Is this becoming a Clinton presidency?
Jack Shafer at Politico writes:
Observers have been waiting for more than a year for Donald Trump to stop acting like a beer hall bouncer and start acting more presidential. On Wednesday, that wish came true, as Baby Donald completed his transformation into a standard chief executive of the United States by espousing many of the hallmark policies one would have associated with President Hillary Clinton.

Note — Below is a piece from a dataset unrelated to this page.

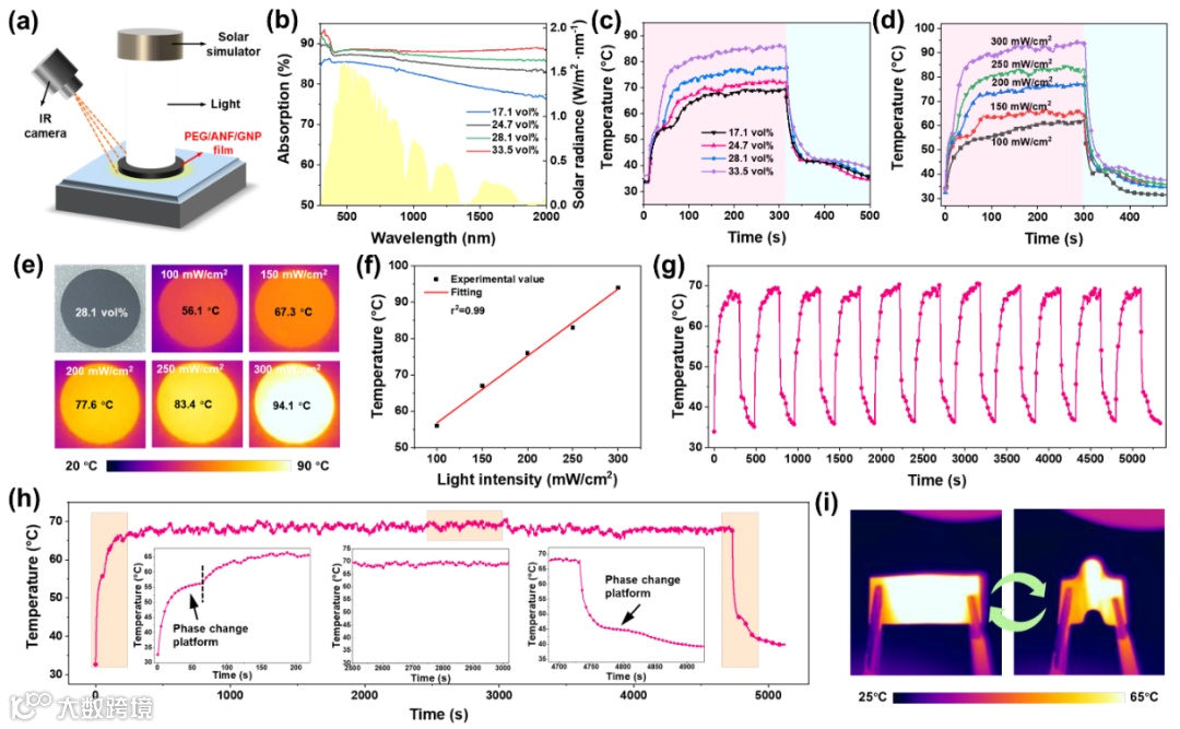 图5. (a)模拟太阳光辐射的PEG/ANF/GNP薄膜工作示意图。(b)PEG/ANF/GNP膜的UV-vis吸收光谱,(c)200 mW/cm2光功率密度下的温度-时间响应曲线。(d)28.1 vol% PEG/ANF/GNP薄膜在不同光功率密度下的表面温度变化和(e)相应的红外热像图。(f)饱和稳态温度与辐照功率密度的实验数据和线性拟合曲线。(g)循环开关和(h)功率密度为150 mW/cm2长期光照时28.1 vol% PEG/ANF/GNP薄膜的表面温度变化。(i)光照射的PEG/ANF/GNP薄膜循环弯曲的红外热像图。

My Politico Playbook colleagues discerned Trump’s recent policy shift in their Thursday tipsheet. Previously, Trump said NATO was obsolete. Now, he salutes it, Clinton-style, as a “great alliance.” Previously, he lavished kisses on Vladimir Putin and Russia. Now Trump and Secretary of State Rex Tillerson have taken a Clintonesque stand against Russia, admitting to low levels of trust between the two nations. Then: No war in Syria. Now, Trump is bombing Syria with the sort of glee Clinton would have brought to the mission. And on and on it goes, with Trump adopting Clintonian stances on Chinese currency manipulation (doesn’t exist!) and the Export-Import Bank (for it).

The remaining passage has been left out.